BACKGROUND & AIMS: In Wilson disease (WD), copper accumulates in the liver and other tissues because of mutations in the ATP7B copper transporter gene. Early and effective anticopper treatment is crucial. However, routine diagnostic methods based on clinical findings, copper metabolism tests, liver biopsies and DNA analyses do not always provide a conclusive diagnosis. The aim was to evaluate radioactive copper incorporation as a diagnostic test.

METHODS

We included cases with a diagnosis of WD supported by radiocopper testing and later, when available, confirmed by DNA analysis. Incorporation of Cu was measured at 2, 24 and 48 hours following intravenous injection.
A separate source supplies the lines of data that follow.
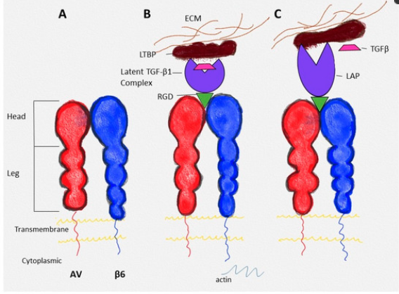 整合素αvβ6特異的配體主要配體包括細胞外基質(zhì)蛋白如纖維連接蛋白(Fibronectin)、層粘連蛋白(Laminin)以及潛活形式的TGF-β。潛伏期相關(guān)肽(LAP)是轉化生長(cháng)因子β(TGF-β)前體肽的氨基末端結構域,形成潛在的 TGF-β 復合物,并充當整合素 αvβ6 的配體。當整合素 αvβ6 通過(guò)LAP與細胞外位點(diǎn)的潛在TGF-β復合物結合時(shí),同時(shí)與細胞內細胞骨架結合時(shí),活性TGF-β從潛在復合物中釋放出來(lái),驅動(dòng)纖維化和免疫抑制微環(huán)境形成;此外,αvβ6還可作為口蹄疫病毒(FMDV)等病原體的入侵受體。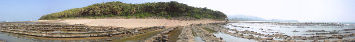 青島周辺は鬼の洗濯岩と言われる波状岩を従え、島内はビロウなどの亜熱帯植物が生い茂っています。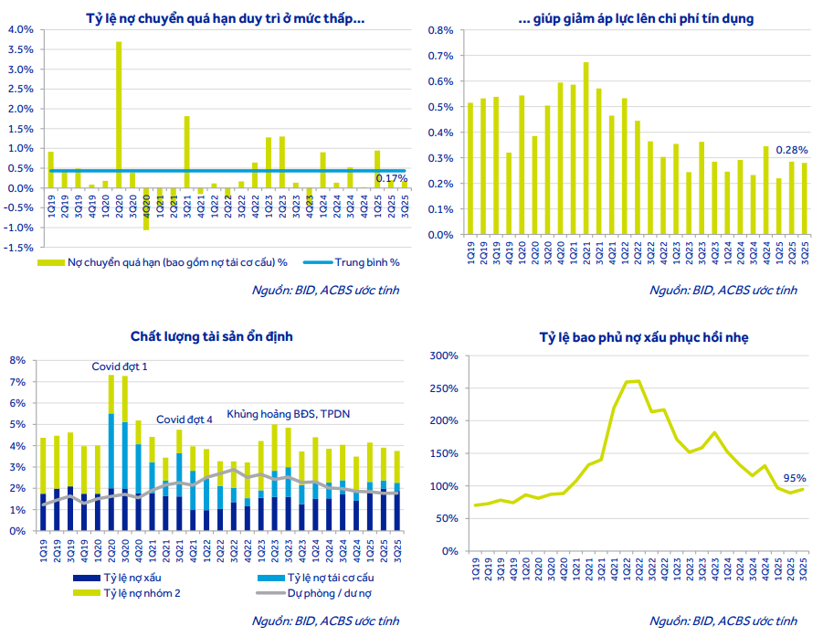 - Chất lượng tài sản cải thiện: NPL quý 3/2025 giảm còn 1.87%, mục tiêu đưa xuống dưới 1.6% cuối năm, LLR dự kiến đạt 100%; BID đặt kế hoạch thu hồi nợ xấu 12–13 nghìn tỷ trong năm.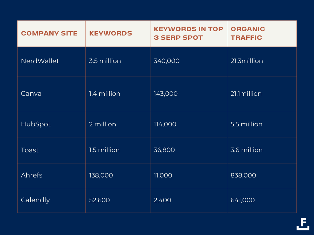 Menargetkan kata kunci ekor pendek dan panjang yang tepat dengan konten berkualitas adalah strategi ampuh untuk mengarahkan lalu lintas dan konversi di SaaS. Lihat saja statistik kata kunci berikut dari beberapa merek terkemuka di berbagai ceruk: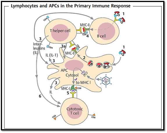 Mature T cells expressing CD4 are called T helper (Th) cells, reflecting their role in co-operating with B cells. Foreign antigens, whose three-dimensional structures are recognized by B cells, also contain linear peptides. During the initial phase of the T helper cell response, these antigens are taken up by APCs, processed, and presented as peptides in association with MHC class II molecules—allowing their recognition by Th cells. Prior to our understanding of MHC restriction, B-cell epitopes were known as haptens, whilst those parts of the antigens which bore the T-cell epitope were known as carriers. 1n order for T cell activation to occur, antigen-transporting APCs must first reach the organized secondary lymphoid organs (Fig. 1), since proper contact between lymphocytes and APCs can only take place within these highly organized and compartmentalized organs. The cytokines IFNy, 1L-1,1L-2,1L-4, and 1L-12 play an important role in this process—as do various other factors.

Diagnostic accuracy (area under the receiver operating characteristic curve [AUC]), sensitivity, specificity and predictive value were assessed for 24 hours/2 hours and 48 hours/2 hours Cu ratios and compared with serum measurements of ceruloplasmin, copper, non-ceruloplasmin-bound copper and urinary 24-hours copper excretion.

RESULTS

Patients having two pathogenic ATP7B mutations (homozygotes/compound heterozygotes) (n = 74) had significantly lower 24 hours/2 hours and 48 hours/2 hours Cu ratios than heterozygote controls (n = 21) (mean 0.14 and 0.12 vs 0.49 and 0.63, respectively; both P < .001). Of note, 24 hours/2 hours and 48 hours/2 hours Cu ratios had excellent diagnostic accuracy, with AUCs approaching 1, and only 24-hours urinary copper excretion displayed similar positive features. Other copper metabolism tests studied had lower accuracy, specificity and sensitivity.

CONCLUSIONS

The radioactive copper test had excellent diagnostic accuracy and may be useful in the evaluation of new therapies aimed at restoring ATP7B function.